When taking into account all Tregs identified in both tumors and spleens, the sedentary group had on average 31.3333 Tregs whereas the exercised group had on average 13.6667. A two-tailed independent t-test performed at a 95% confidence interval revealed insignificant results, as the p-value of this data is 0.347. While statistical significance could not be determined at this level, and therefore the null hypothesis could not be rejected, all of the trends described above support the hypothesis that exercise reduces Treg cell count in both the tumors and spleens of individuals with cancer.
Lack of statistical significance can be attributed to, in part, the limited sample size available. Due to the time-sensitive nature of animal testing, tissue samples from only six rats could be collected and studied within the time allotted for this research. Increasing the sample size would provide more points of data and therefore enable stronger conclusions to be drawn. Additionally, working with the cancer line MATB3 would have been preferable to using the MTLn3 cancer line as MTLn3 is a more aggressive cancer. Because of this, the rats died relatively shortly after injection, whereas testing with the MATB3 cancer line would have been more comparable to the progression of cancer in humans.
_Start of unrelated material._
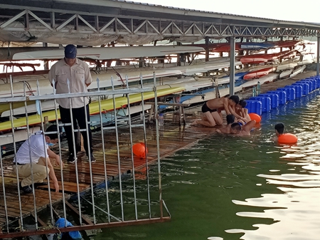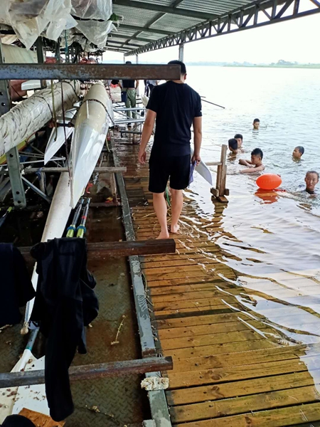 下午4點(diǎn),工作人員來(lái)到訓(xùn)練碼頭,因長(zhǎng)期水泡,訓(xùn)練碼頭下沉,部分碼頭有溢水現(xiàn)象。工作人員克服困難,對(duì)訓(xùn)練舟艇、槳等訓(xùn)練器材進(jìn)行清點(diǎn)。

Moreover, a novel Foxp3 IHC protocol was designed and implemented for the rats used in this study; therefore, inherent flaws in the protocol were subject to adjustments and improvements throughout the course of this study. Moreover, the protein CD4 could not be addressed and utilized in this protocol due to a lack of CD4 antibody.
A point of interest in this research was the identification of CD25- Foxp3+ cells. Cells of this phenotype were unexpected. Although the transmembrane protein CD25 is present in many different lymphocytes, previous literature suggests CD25 to be a characteristic of Treg cells. However, the Foxp3-expressing cells did not fluoresce for CD25, indicating a relatively high population of another lymphocyte in the tumor microenvironment. The role of these cells in either the advancement or suppression of tumor growth should be considered for further study.